As when she’d lost Luki, Leilani sat in the tortuous dual grip of fear and anguish. She trembled in recognition of the thread by which her life hung, but she also struggled to hold back tears of grief. Here, now, she surrendered forever all hope that her mother might one day be clean and straight, all hope that old Sinsemilla, once reformed, might eventually provide a mother’s love. She felt stupid for having harbored that naive, impossible little dream. In the instant, a termitic loneliness ate away the core of Leilani’s heart and left her hollow, shaking not only with fear, but also with a chill of utter isolation. She felt abandoned, deserted, forsaken.

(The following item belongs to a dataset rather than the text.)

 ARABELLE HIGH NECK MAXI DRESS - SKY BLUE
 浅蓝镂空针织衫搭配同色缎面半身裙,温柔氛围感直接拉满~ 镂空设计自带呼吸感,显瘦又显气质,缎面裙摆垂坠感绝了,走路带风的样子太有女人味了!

  She detested the weakness in herself revealed by a tremor in her voice: “Why? Why babies, why babies at all? Just because he wants them?”

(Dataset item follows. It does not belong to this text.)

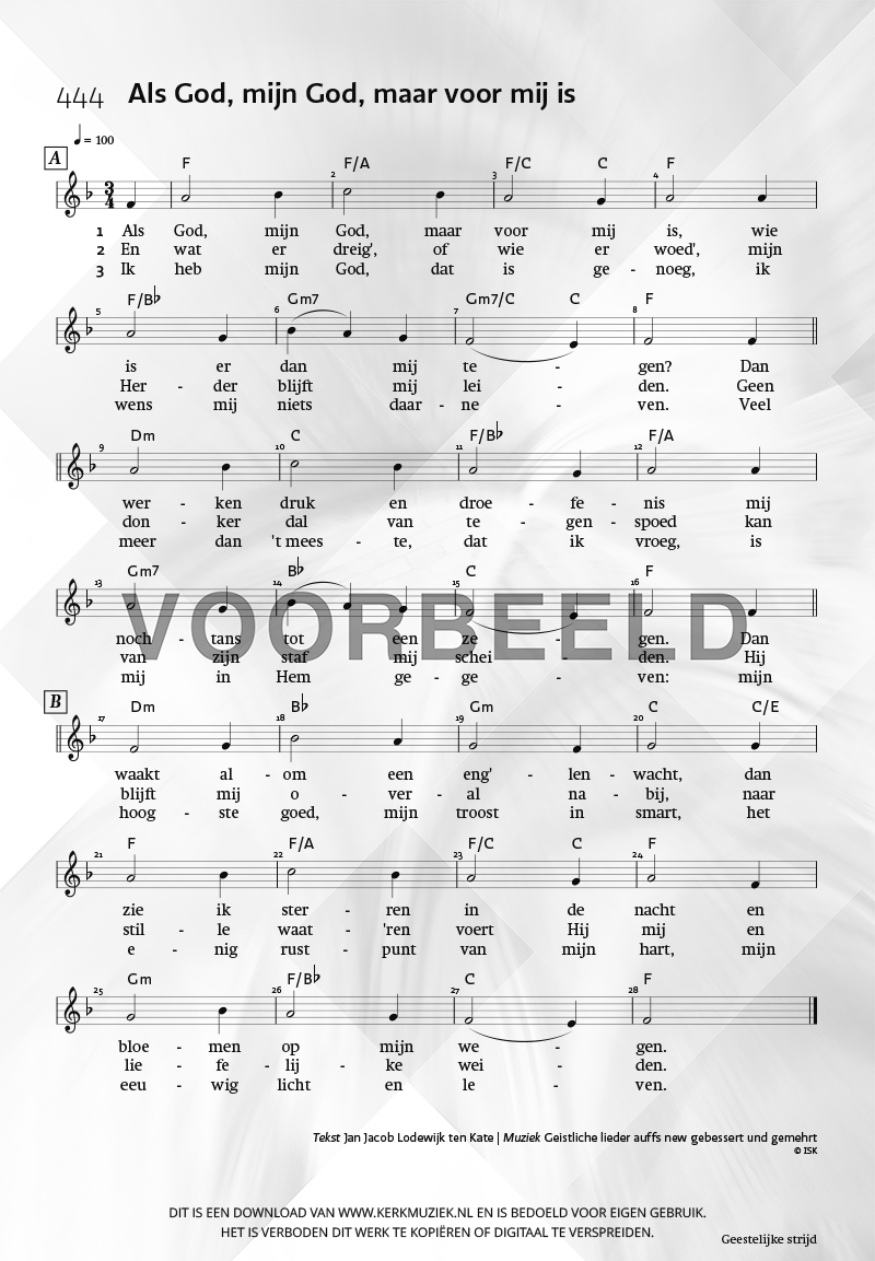 | Aanhef (eerste regel) | Als God, mijn God, maar voor mij is |

  Her mother looked up from the book, slid it across the table to Leilani, and repeated the interminable mantra that she had composed to express her satisfaction with herself when she was in a good mood: “I am a sly cat, I am a summer wind, I am birds in flight, I am the sun, I am the sea, I am me!”

  “What does that even mean?” Leilani asked.

  “It means—who else but your own mama is cool enough to bring a new human race into the world, a psychic humanity bonded to Gaea? I’ll be the mother of the future, Lani, the new Eve.”

  Sinsemilla believed this nonsense. Her belief imbued her face with a beatific radiance and brought a sparkle of wonder to her eyes.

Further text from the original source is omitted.